问题
I want to write a program that can be run as a backgrounded task (i.e. my-thing &
), and that will beautifully provide relevant output when necessary.
However, with background tasks that print to the terminal, there's always this annoying little progression:
bash-3.2$ my-thing &▏
bash-3.2$ my-thing &
bash-3.2$ -- Hello from my-thing!
-- now let me start doing what I do best ...
▏
… notice that we now have no prompt before the cursor, not to mention that there's an ugly erraneous prompt where my program spat out output while a prompt had already been printed.
Thus, I want three things, only one of which I don't have any idea how to go about doing:
- Detect whether my program is being run in the background, and alter my output/operation accordingly (i.e. print out less useless information; queue further information to only be output when the program is foregrounded again; etceteras)

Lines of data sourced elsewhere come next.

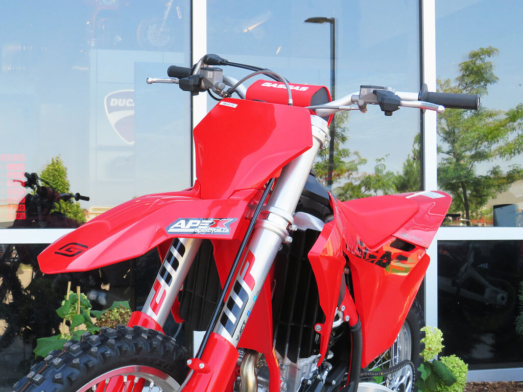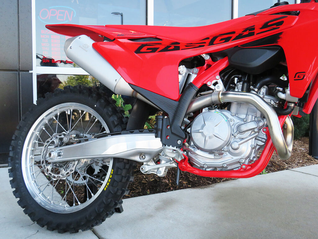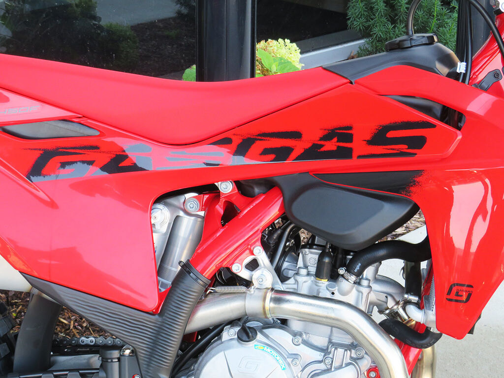 Built with world championship winning pedigree, our awesome MC 450F is, well, awesome! This exceptional dirt bike delivers some serious performance, but thanks to plenty of high-level electronic wizardry, the power is put to the ground in a super rideable way. Put simply, you'll be going fast without realizing. An updated frame for 2025 takes the riding experience to new levels by offering more stability when approaching turns while new suspension settings, a redesigned air intake, bigger footpegs, and a stronger rear brake pedal round out the changes for 2025. One thing that stays the same is the unmistakable, all-red bodywork for a classic, GASGAS look.
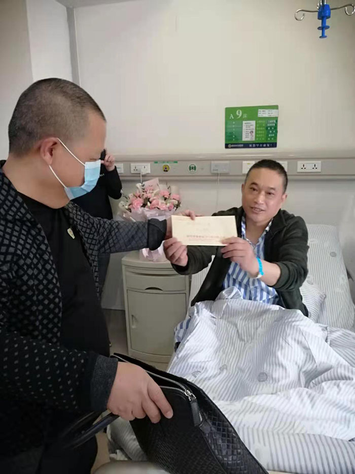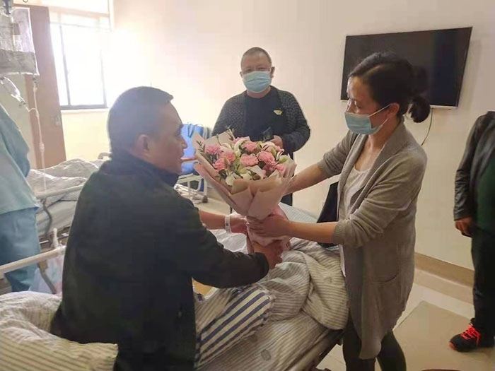 強(qiáng)波電力公司董事長(zhǎng)孫波帶領(lǐng)企業(yè)員工看望慰問(wèn)生病住院?jiǎn)T工潘國(guó)禮
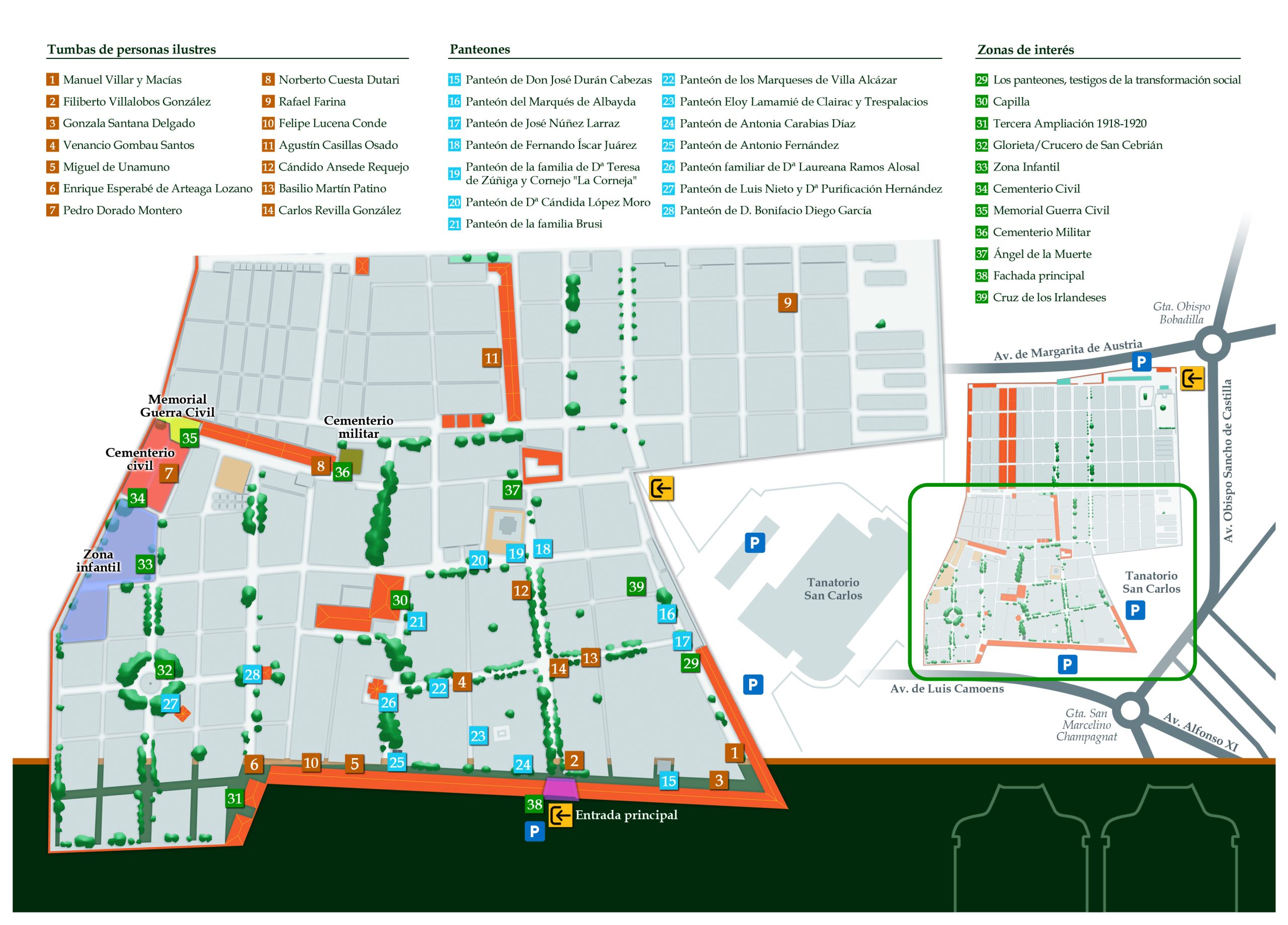 Se trata de “un paso natural y, al mismo tiempo, una obligación moral para una ciudad que atesora en su camposanto un compendio de memoria, arte y urbanismo”, explican desde el Ayuntamiento. El proyecto, coordinado por las áreas de Salud Pública y Turismo, incluye un plano turístico específico del recinto con la localización de los principales hitos, entre los que destacan tumbas de personajes ilustres, panteones de gran valor artístico y otros lugares destacados como la capilla, el crucero de San Cebrián, la cruz de los Irlandeses y el llamado Ángel de la Muerte. “Todos estos puntos han sido documentados con criterios históricos y patrimoniales para asegurar una visita didáctica y respetuosa”, destacan desde el Consistorio.
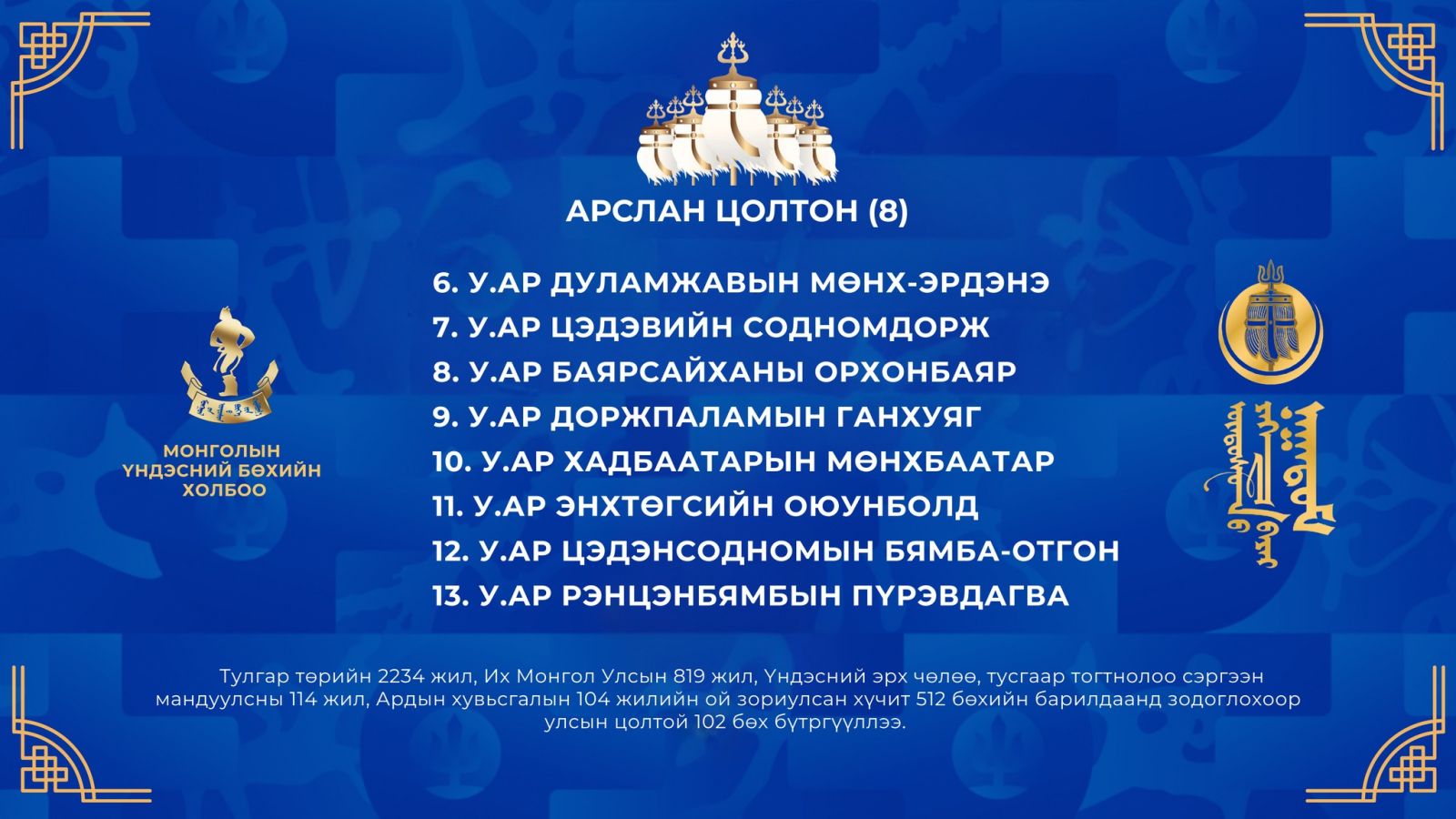 Тулгар төрийн 2234 жил, Их Монгол Улсын 819 жил, Үндэсний эрх чөлөө, тусгаар тогтнолоо сэргээн мандуулсны 114 жил, Ардын хувьсгалын 104 жилийн ой, Үндэсний их баяр наадмын хүчит бөхийн барилдаанд бүртгүүлсэн улсын цолтой бөхчүүдийг танилцуулъя.
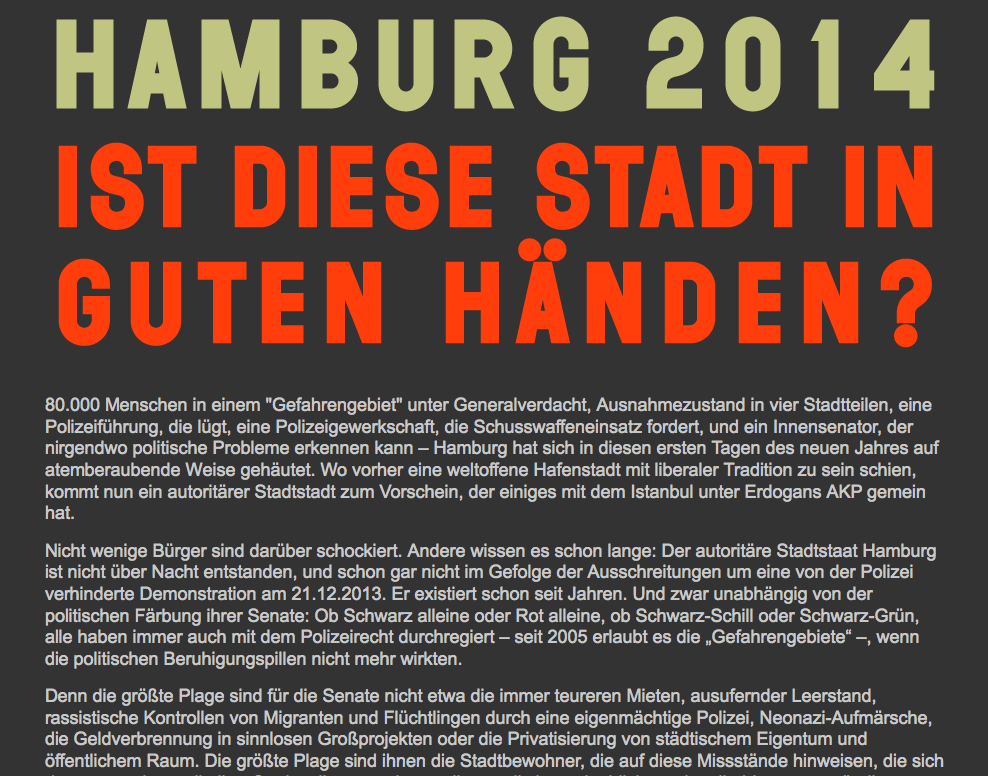 80.000 Menschen in einem "Gefahrengebiet" unter Generalverdacht, Ausnahmezustand in vier Stadtteilen, eine Polizeiführung, die lügt, eine Polizeigewerkschaft, die Schusswaffeneinsatz fordert, und ein Innensenator, der nirgendwo politische Probleme erkennen kann Hamburg hat sich in diesen ersten Tagen des neuen Jahres auf atemberaubende Weise gehäutet. Wo vorher eine weltoffene Hafenstadt mit liberaler Tradition zu sein schien, kommt nun ein autoritärer Stadtstadt zum Vorschein, der einiges mit dem Istanbul unter Erdogans AKP gemein hat. Nicht wenige Bürger sind darüber schockiert. Andere wissen es schon lange: Der autoritäre Stadtstaat Hamburg ist nicht über Nacht entstanden, und schon gar nicht im Gefolge der Ausschreitungen um eine von der Polizei verhinderte Demonstration am 21.12.2013. Er existiert schon seit Jahren. Und zwar unabhängig von der politischen Färbung ihrer Senate: Ob Schwarz alleine oder Rot alleine, ob Schwarz-Schill oder Schwarz-Grün, alle haben immer auch mit dem Polizeirecht durchregiert seit 2005 erlaubt es die Gefahrengebiete , wenn die politischen Beruhigungspillen nicht mehr wirkten. Denn die größte Plage sind für die Senate nicht etwa die immer teureren Mieten, ausufernder Leerstand, rassistische Kontrollen von Migranten und Flüchtlingen durch eine eigenmächtige Polizei, Neonazi-Aufmärsche, die Geldverbrennung in sinnlosen Großprojekten oder die Privatisierung von städtischem Eigentum und öffentlichem Raum. Die größte Plage sind ihnen die Stadtbewohner, die auf diese Missstände hinweisen, die sich dagegen wehren, die ihre Stadt selbst gestalten wollen, weil sie unglaublicherweise die Idee vom mündigen Bürger ernst genommen haben, weil sie sich als freie Menschen betrachten. Für eine politische Klasse, die seit 30 Jahren die Stadt als Unternehmen im Konkurrenzkampf um Kapital, Leistungsträger, Touristen und Imagepunkte betrachtet, geht so viel zivilgesellschaftlicher Eigensinn gar nicht. Keine Konzernführung lässt sich schließlich von seinen Fabrik- und Lagerarbeitern in die Unternehmensstrategie reinreden. Die sieht für Hamburg vor, Stadtteile zu Business Units umzubauen: St. Pauli wird zum durchgestylten Entertainment-Park; Wilhelmsburg zur Erlebnis-Ausstellung für ein Schöner-Wohnen in einer Flusslandschaft; Altona zu IKEA-Town und damit zum Brückenkopf eines Global Player, der begonnen hat, ganze Stadtteile selbst zu bauen wenn auch vorerst nur in Frankreich und in Großbritannien. In so einer Stadt sind natürlich keine Flüchtlinge willkommen, die es aus den Elendsquartieren und Kriegsgebieten am Rande der Festung Europa hierher geschafft haben, weil sie für das Unternehmen Stadt keinen Mehrwert mitbringen. Also verwahrt es die Flüchtlinge in Containern und regelrechten Internierungslagern, bis es sie wieder in Drittstaaten abschieben kann. Die derzeit modernste Flüchtlingspolitik in Deutschland sieht der Erste Bürgermeister darin derselbe Mann, der schon 2001 den Brechmitteleinsatz gegen mutmaßliche Dealer modern fand. Die vermutete die Polizei damals zuerst unter Menschen afrikanischer Herkunft. Auch Racial Profiling hat in Hamburg Tradition. Der Erste Bürgermeister und sein Senat sind zudem mit einer erstaunlichen Machtfülle ausgestattet, die sie den Nazis verdanken. Im Großhamburg-Gesetz von 1937 wurde Hamburg zur Einheitsgemeinde. Das bedeutet: Die Bezirke sind keine eigenständigen Kommunen, und wenn dort die Bewohner mit einem Bürgerbegehren der Politik einen Strich durch die Rechnung machen, kann der Senat die Entscheidung der Bewohner für null und nichtig erklären. Das tut er regelmäßig, auch hier unabhängig von der politischen Färbung des Senats. Wenn es darum geht, soziale und städtebauliche Missstände anzugehen, muss man den Senat und seine bezirklichen Handlanger jedoch zum Jagen tragen. Eigentümer lassen Häuser verfallen, bis sie abbruchreif sind? Da kann man nichts ändern, die Gesetzeslage lässt keinen Handlungsspielraum zu, heißt es. Die Mieten steigen und steigen? Da kann man nichts ändern, die Gesetzeslage lässt keinen Handlungsspielraum zu, heißt es. Auch beim Bleiberecht für Flüchtlinge nicht. Bei neuen Befugnissen für die Polizei hingegen ist erstaunliche gesetzgeberische Kreativität zu erkennen, da geht eine Menge. Die eingangs gestellte Frage ist längst beantwortet: Eine Stadt, in der mit dem Polizeirecht regiert wird, ist nicht in guten Händen. Eine Stadt, in der über 80.000 Menschen der Ausnahmezustand verhängt wird, ist nicht in guten Händen. Eine Stadt, in der Flüchtlinge interniert und abgeschoben werden, ist nicht in guten Händen. Eine Stadt, in der Leerstand in Ordnung ist, Besetzungen von Leerstand hingegen kriminalisiert werden, ist nicht in guten Händen. Eine Stadt, die von ihrem politischen Personal als Konzern geführt wird, ist nicht in guten Händen. Eine Stadt, in der Bewohner nur zu verwaltende Objekte in der Konzernstrategie sind und nichts zu sagen haben, ist nicht in guten Händen. Kurz gesagt: Hamburg ist nicht in guten Händen. Und daran wird sich auch nichts ändern, wenn bei der nächsten Wahl der Senat eine andere Farbe bekommt. Ein Rücktritt der Hardliner Neumann, Kopitzsch und Born ist zwar dringend nötig, aber wir sollten uns keine Illusionen machen: Der Saustall des autoritären politischen Systems in Hamburg ist auch mit sämtlichen Klobürsten aus dem Gefahrengebiet nicht mehr auszumisten. Es muss ganz anders werden. Hamburg gehört in die Hände seiner Bewohnerinnen. Hamburg muss überhaupt erst einmal eine demokratische Stadt werden, und eine Stadt, die sich das Etikett weltoffen noch verdienen muss. Das Recht auf Stadt muss für alle gelten, ohne Grenzen, ohne Einschränkungen. Solange dies nicht der Fall ist, wird in Hamburg keine Ruhe mehr einkehren. |

- Clear out the prompt (if it already exists) when suddenly printing information to a terminal we've been backgrounded in
- Inform the terminal after I've finished whatever I'm printing to the terminal for, somehow forcing it to re-draw a new prompt below the content I've added
The third is the only one I have absolutely no idea how to go about; though I've got some inklings on the other two, any links or suggestions there would be appreciated as well.
Equally appreciated, even, would be links to any programs (any language/environment) which already have modes that operate this; as I could attempt to reverse-engineer/spelunk their implementation.
回答1:
This works for me:
echo 'sleep 1; echo; echo hi' > /tmp/hi
chmod +x /tmp/hi
zsh
/tmp/hi &
asdfsadf # type whatever, here.
After the 'hi' gets echo'd, zsh knows to redraw your prompt with the 'asdfasdf' intact.
So, no big surprise: zsh being better than bash.